Interviewer: Hannah X. Chen

Could you start by sharing a brief overview of your research and its applications?

I work at the intersection of machine learning and economics, and the motivation is really thinking about how we use machine learning algorithms in the real world, and what happens when we actually use them. In the real world, algorithms have to interact not only with people, but potentially also with other algorithms, and they have to deal with situations that we’ve historically seen machine learning algorithms struggle with. If you think back to applications of machine learning in the real world, there’s all these famous failures. There’s self-driving cars that crash because they can’t tell the sky from a truck, or that won’t cross an intersection because they can’t figure out the intent of other agents that might be present. There’s also all types of problems that happen in e-commerce markets, in social networks, and so on. And you can really think of these issues as arising because learning algorithms are coming into contact with people and other algorithms.

A big part of my research is just trying to understand what can go wrong when we use algorithms in environments containing real people who might have their own objectives. We’re also thinking about how we would design algorithms specifically for these environments so that they can have provable guarantees or at least economically meaningful measures of performance. My main application areas are in transport systems (ride-sharing platforms are a major example of this), e-commerce platforms, social networks, the delivery of healthcare — all of which have this kind of flavor of algorithms meeting people and interacting with other algorithms.

What do you see as the short-term or long-term directions of your work and the field as a whole? What is the end goal you would eventually like to reach?

The kind of pipe dream is this idea that we can develop algorithms that actually have a beneficial impact in society. And what I mean by that is having algorithms that don’t make things worse when they’re actually deployed in the environment — instead, they actively improve things. Maybe if it’s in transport systems, it improves congestion in cities. Maybe if it’s on e-commerce platforms, it lowers prices and makes the market more equitable. But doing this while keeping in mind issues of fairness and biases in data is really hard. But I think it’s a really important problem, because people aren’t going to stop using algorithms in the real world, and we really need to start figuring out how we do this properly, fairly, and ethically. That’s a big part of what my research is trying to do.

Is there anything you’re really excited about in your work right now, such as a current project or new idea?

Theoretically, we were able to show that one of the most important aspects when you’re using learning in the real world is how fast you’re learning. Often, we think that learning fast is always better, but when we started applying these types of ideas in games — where you’re learning against an opponent who’s also learning — we found it might not be better. And actually, the speed at which you learn changes the equilibria you might find, but different equilibria have different properties. Some might be more socially optimal, some might be better for individuals, and so on. So all of a sudden, we now have this way of achieving different solutions by changing how fast we learn.

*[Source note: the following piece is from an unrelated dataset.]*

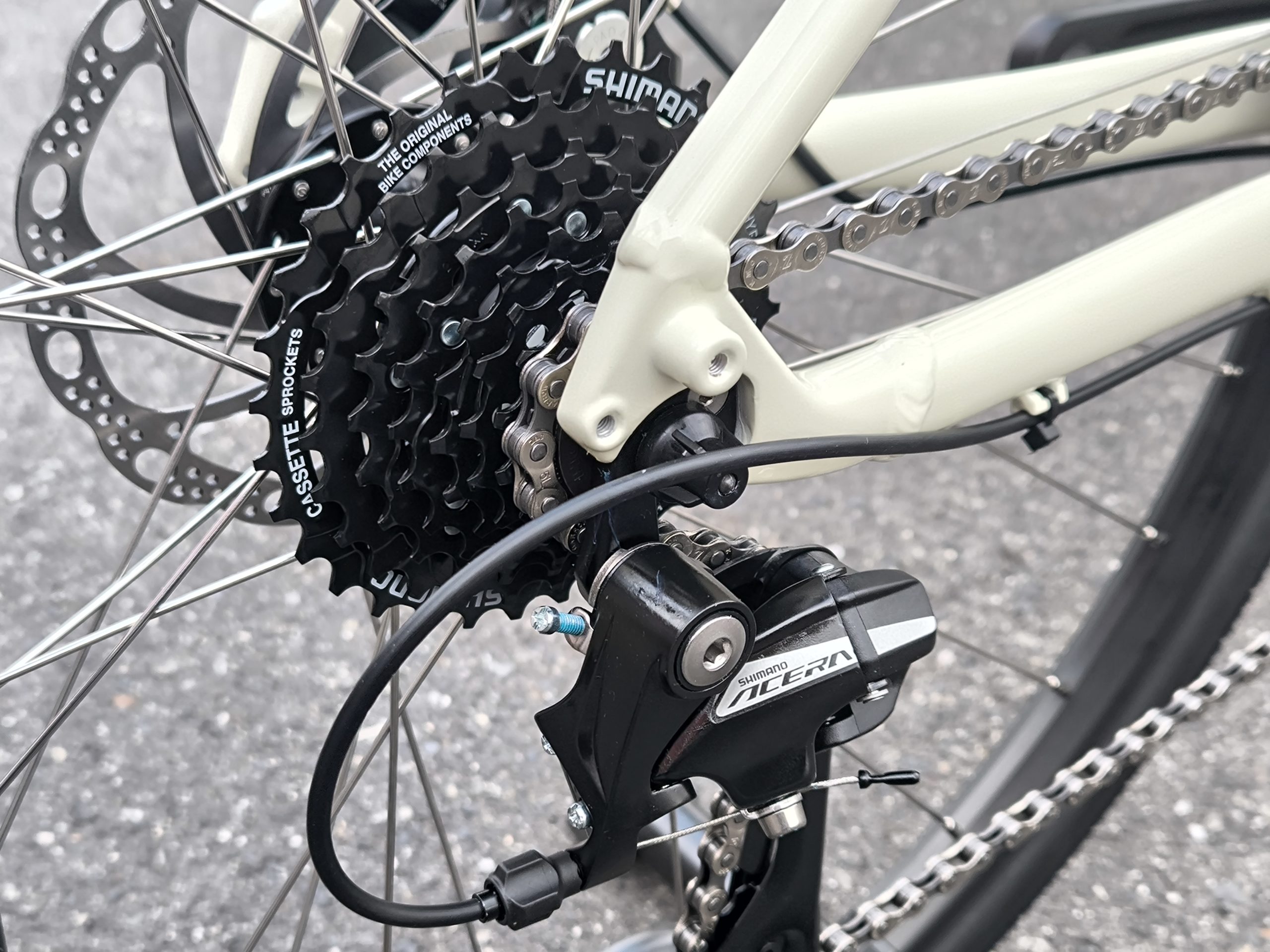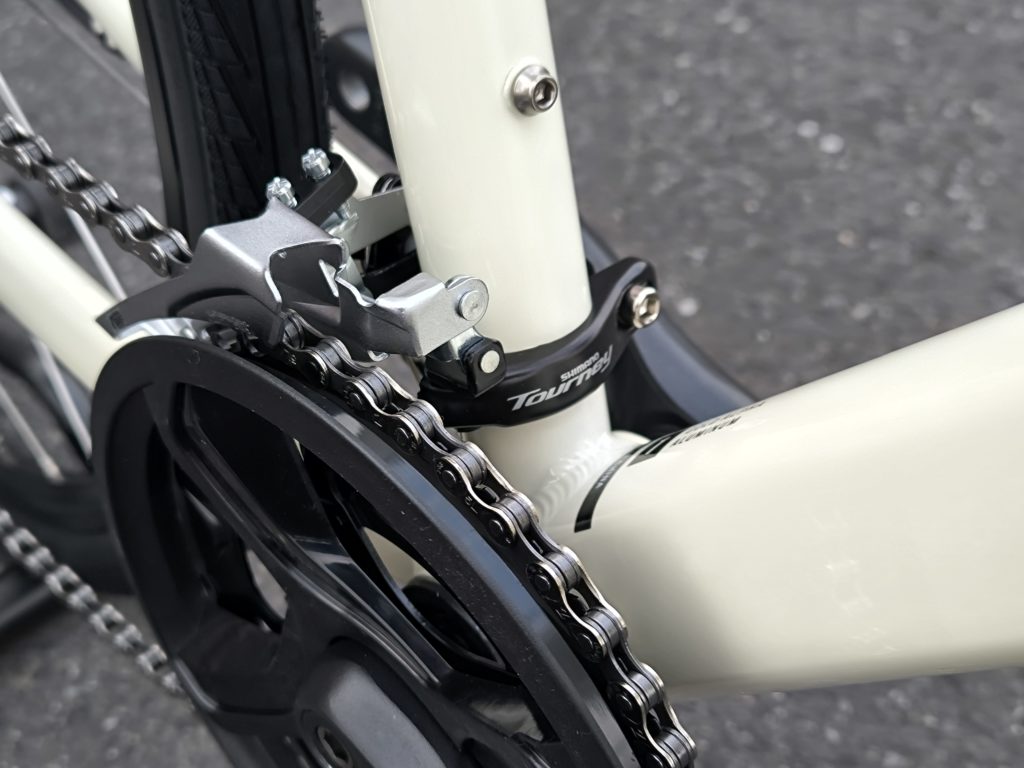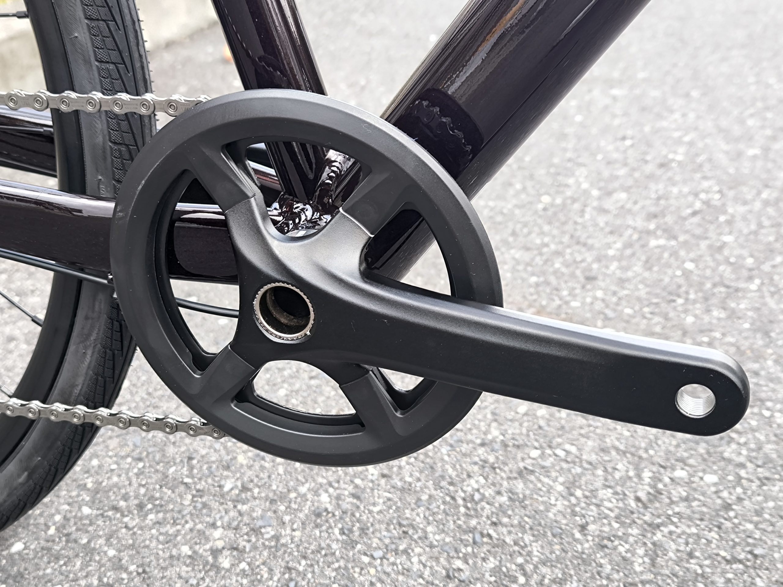 ギアが一枚になった分、坂道は大丈夫なの?という不安は当然あるかと思いますが、その点はリアのギア(スプロケット)を大きくすることでギア比を調整してあるので、キツい坂道でも難なく走破可能です。

Something I’m really excited about is that this is a phenomenon we’re seeing in real data from pricing on e-commerce platforms, for example. We see that people change how fast they update the prices relative to their competitors to get an advantage. Sometimes people update their prices very very slowly, and then they’re actually better off and are able to get more of the market. In other cases, they update much more quickly and can be better off as well. So there’s this interesting degree of freedom, which I don’t think has been explored much. I’m very interested in exploring the dynamics of learning algorithms in these game theoretic settings, which I think will be a really exciting area in the next couple of years. 

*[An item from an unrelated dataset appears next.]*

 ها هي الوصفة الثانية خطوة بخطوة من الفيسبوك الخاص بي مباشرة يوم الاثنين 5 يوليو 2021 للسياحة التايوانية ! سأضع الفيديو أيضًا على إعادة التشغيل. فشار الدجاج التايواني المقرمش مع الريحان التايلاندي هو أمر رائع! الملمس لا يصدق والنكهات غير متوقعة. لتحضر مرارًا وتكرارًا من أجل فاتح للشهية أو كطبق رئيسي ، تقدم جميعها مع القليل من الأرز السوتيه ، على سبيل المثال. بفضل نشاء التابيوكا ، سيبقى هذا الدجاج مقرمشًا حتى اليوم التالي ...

What are the biggest challenges that come with performing this research? What are the things you have to do to get your work moving forward?

A lot of my work is more on the theory side, mostly trying to develop algorithms that satisfy some theoretical guarantees and seeing that they work in practice. There’s two main challenges: on the data side, a lot of companies and entities that use algorithms in the real world don’t want to share their data because they don’t want to show that they’re doing something that isn’t working, or they’re scared of revealing some sort of inherent bias in their data. On the theoretical side, you have to bring in ideas from a lot of different fields to try and understand these problems. You need ideas from game theory and economics to deal with these issues of multiple agents all interacting, but then you need ideas from control and dynamical systems to think about the dynamics that are arising in these situations. And you need to bring in ideas from computer science to deal with the algorithmic parts. It’s really a research agenda that’s at this intersection of three different domains, so there are natural challenges regarding how they interact and whether you can make these things play nicely. It’s a really cross-disciplinary research agenda, and that comes with challenges, but also a lot of opportunities.

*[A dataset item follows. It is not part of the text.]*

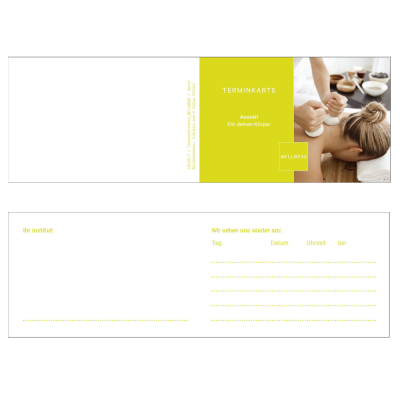 Hochwertige und schicke Terminkarten in drei verschiedenen Varianten für Kosmetik, Fußpflege und Wellness erhältlich. Aufklappbar, im Format 8,5 x 5,6 cm, mit freien Feldern für individuelle Textbefüllung und Stempeleindruck.
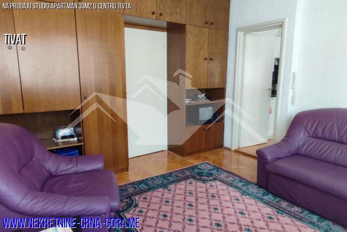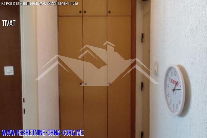 Prodaje se stan od 33m2 u centru Tivta, a sastoji se od sobe, kuhinje, balkona, toaleta i hodnika. Nalazi se na 2. katu (3.), nalazi se lift, parket. U stanu su promijenjene cijevi, bojler, fasada je ažurirana. U blizini kuće nalaze se trgovina prehrambenih proizvoda, park, parking, poliklinika, vrtić i škola.

What has it been like working in both the CMS and economics departments at Caltech?

I only recently started, but it’s been a very satisfying experience because from what I’ve seen, economics and the computing sciences are very tightly integrated at Caltech. The economists are familiar with a lot of the tools and ideas from computer science and engineering, and the people in engineering also have some connections with economics, so it’s been really interesting to work at this interaction and play both sides. In my view, Caltech is extremely well positioned in this new research area that’s emerging at the intersection of machine learning and economics. We have a very strong mathematical microeconomics core, along with very strong experimental economists that understand decision making, whose ideas we can then embed into our algorithms. On the other hand, it has a very strong computer science and mathematical sciences department. So it’s been a really fun, unique opportunity, and part of that is only possible because of the small size of Caltech, which makes it easy to work between divisions and departments.

What drew you to this area to begin with? How did you get started in either machine learning or economics?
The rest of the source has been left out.